Es cierto que el genocidio moderno es diferente. El genocidio moderno es un genocidio con un objetivo. Librarse del adversario ya no es un fin en sí mismo. Es el medio para conseguir el fin, una necesidad que proviene del objetivo final, un paso que hay que dar si se quiere llegar al final del camino. El fin es una grandiosa visión de una sociedad mejor y radicalmente diferente. El genocidio moderno es un elemento de ingeniería social, pensado para producir un orden social que se ajuste al modelo de la sociedad perfecta.
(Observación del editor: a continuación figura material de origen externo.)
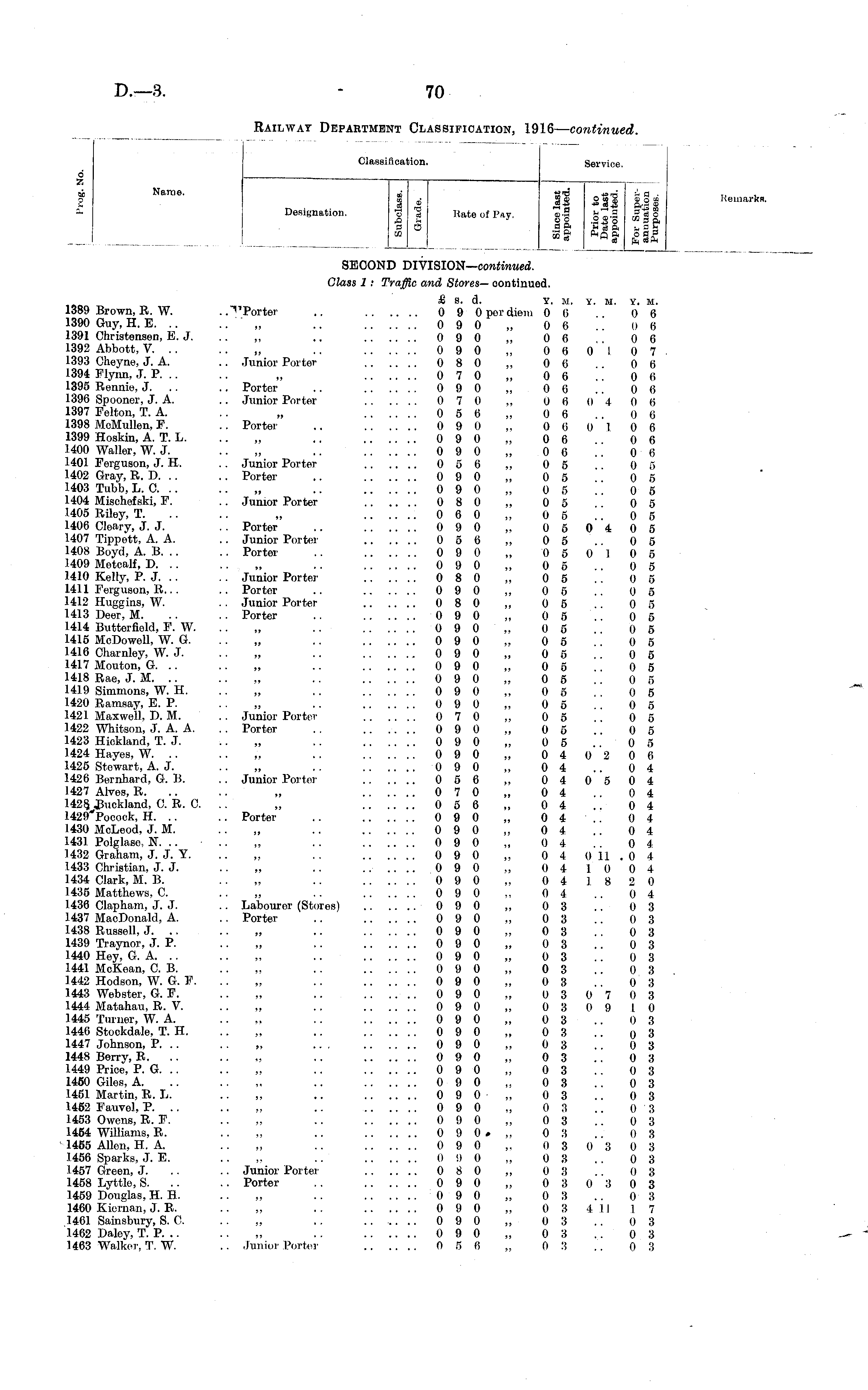 Classification. Service. A ah Name. p d Y, ah o 1 £ %t sit lis Designation. J | Rate'of Pay, || g-| Jj | co to& & oaoa3 d H sa ft, a a Keuaarks. SECOND DIVISION— continued. Glass 1 : Traffic and Stores— oontinued. 1389 Brown, R. W. 1390 Guy, H. E. 1391 Christensen, E. J. 1392 Abbott, V. .. 1393 Cheyne, J. A. 1394 Flynn, J. P. 1395 Rennie, J. . . 1396 Spoonor, J. A. 1397 Folton, T. A. 1398 McMullen, P. 1399 Hoskin, A. T. L. 1400 Waller, W. J. 1401 For-guson, J. H. 1402 Gray, R. D. .. 1403 Tubb, L. C. 1404 Mischefski, F. 1405 Riloy, T. 1406 Cloary, J. J. 1407 Tippett, A. A. 1408 Boyd, A. B. .. 1409 Metcalf, D. .. 1410 Kelly, P. J. 1411 Ferguson, R.. . 1412 Huggins, W. 1413 Deer, M. 1414 Butterfiold, F. W. 1415 McDowell, W. G. 1416 Charnley, W. J. 1417 Mouton, G. .. 1418 Rae, J. M. 1419 Simmons, W. H. 1420 Ramsay, E. P. 1421 Maxwoll, D. M. 1422 Whitson, J. A. A. 1423 Hickland, T. J. 1424 Hayes, W. .. 1425 Stewart, A. J. 1426 Bornhard, G. B. 1427 Alves, R. J3uckland, C. R. C. 1429*Pocock, H. .. 1430 McLeod, J. M. 1431 Polglase. N. .. 1432 Graham, J. J. Y. 1433 Christian, J. J. 1434 Clark, M. B. 1435 Matthews, C. 1436 Clapham, J. J. 1437 MacDonald, A. 1438 Russell, J. .. 1439 Traynor, J. P. 1440 Hey, G. A. 1441 McKean, C. B. 1442 Hodson, W. G. P. 1443 Webster, G. F. 1444 Matahau, R. V. 1445 Turner, W. A. 1446 Stockdale, T. H. 1447 Johnson, P. .. 1448 Berry, R. .. 1449 Price, P. G. 1450 Giles, A. 1451 Martin, R. L. 1462 Fauvel, P. .. 1453 Owens, R. F. 1464 Williams, R. 1455 Allen, H. A. 1456 Sparks, J. E. 1457 Green, J. 1458 Lyttlo, S. 1459 Douglas, H. H. 1460 Kiornan, J. R. 1461 Sainsbury, S. C. 1462 Daloy, T. P. .. 1463 Walker-, T. W. £ 8. d. Y. M. Y. M. Y. M. .. 0 9 0 por diem 0 6 .. 0 6 • • ' ., .. 0 9 0 „ 0 6 .. 0 6 0 9 0 „ 0 6 .. 0 6 090 „ 060107 .. Junior Porter 080 ,, 06 .. 06 070 „ 06 06 .. Porter .. 0 9 0 „ 0 6 .. 0 6 .. Junior Porter 0 7 0 ,, 0 6 0 4 0 6 0 5 6 „ 0 6 .. 0 6 .. Porter .. 0 9 0 ,, 0 6 0 1 0 6 0 9 0 „ 0 6 .. 0 6 0 9 0 „ 0 6 .. 0 6 . . Junior Porter 0 5 6 „ 0 5 .. 0 5 .. Porter .. 090 „ 05 .. 05 090 „ 05 .. 05 .. Junior Porter 080 ,, 05 .. 05 0 6 0 „ 0 5 .. 0 5 . . Porter .. 090 „ 05 04 05 .. Junior Porter 056 ,, 05 .. 05 .. Porter .. 0 9 0 „ 0 5 0 1 0 5 -..„ .. 090 „ 05 .. 05 .. Junior Porter 080 „ 05 .. 05 .. Porter .. 090 „ 05 .. 05 . . Junior Porter 0 8 0 „ 0 5 .. 0 5 . . Porter .. 090 „ 05 .. 05 0 9 0 „ 0 5 .. 0 5 090 „ 05 .. 05 0 9 0 „ 0 5 .. 0 5 090 „ 05 .. 05 0 9 0 „ 0 5 .. 0 5 0 9 0 „ 0 5 .. 0 5 0 9 0 „ 0 5 .. 0 5 . . Junior Porter 0 7 0 „ 0 5 .. 0 5 . . Porter .. 0 9 0 „ 0 5 .. 0 5 0 9 0 „ 0 5 .. 0 5 0 9 0 „ 0 4 0 2 0 6 090 „ 04 .. 04 . . Junior Porter- 056 ,, 0 4 05 04 070 „ 04 .. 04 056 „ 04 .. 04 .. Porter .. 0 9 0 „ 0 4 .. 0 4 090 „ 04 .. 04 0 9 0 „ 0 4 .. 0 4 0 9 0 „ 0 4 0 11 . 0 4 090 „ 041004 0 9 0 „ 0 4 18 2 0 0 9 0 ,, 0 4 .. 0 4 .. Labourer (Stores) 0 9 0 „ 0 3 .. 0 3 . . Porter .. 0 9 0 „ 0 3 .. 0 3 0 9 0 „ 0 3 . . 0 3 0 9 0 „ 0 3 .. 0 8 0 9 0 „ 0 3 .. 0 3 0 9 0 „ 0 3 .. 0 3 0 9 0 „ 0 3 .. 0 3 0 9 0 „ 0 3 0 7 0 3 0 9 0 „ 0 3 0 9 10 0 9 0 „ 0 3.. 0 3 0 9 0 „ 0 3 .. o 3 0 9 0 „ 0 3 .. 0 3 0 9 0 „ 0 3 .. 0 3 090 „ 03 .. 03 090 „ 03 .. 03 0 9 0,, 03 .. 03 0 9 0 „ 0 3 .. 0 :i 0 9 0 „ 0 3 .. 0 3 0 9 0*,, 03 .. 03 0 9 0 ,, 0 3 0 3 0 3 0 9 0 „ 0 3 .. 0 3 .. Junior Porter- 0 8 0 ,, 0 8 .. 0 3 .. Porter .. 0 9 0 „ 0 3 0 8 0 3 0 9 0 „ 0 3 .. 0 3 0 9 0 „ 0 3 4 11 17 0 9 0 „ 0 3 .. 0 3 0 9 0 „ 0 3 .. 0 3 .. Junior Porter 0 5 6 „ 0 3 .. 0 3

Para los que iniciaron y administraron el genocidio moderno, la sociedad es susceptible de planificación y de un diseño deliberado. Por la sociedad se puede y se debe hacer algo más que modificar un detalle o varios, hacer algunas mejoras aquí y allá o curar algunas de sus inoportunas dolencias. Podemos y debemos fijarnos objetivos más ambiciosos y radicales. Podemos y debemos rehacer la sociedad y obligarla a que se ajuste a un plan global y creado científicamente. Se puede inventar una sociedad objetivamente mejor que la que «simplemente existe», es decir, la que existe sin ninguna intervención consciente. Invariablemente, este diseño tiene una dimensión estética: el mundo ideal que está a punto de surgir se ajusta a las normas de la belleza superior. Una vez construido, será exquisitamente satisfactorio, como una obra de arte perfecta. Será un mundo al que, utilizando las inmortales palabras de Alberti, no podrá mejorar ninguna cosa que se le añada, se le quite o se le altere.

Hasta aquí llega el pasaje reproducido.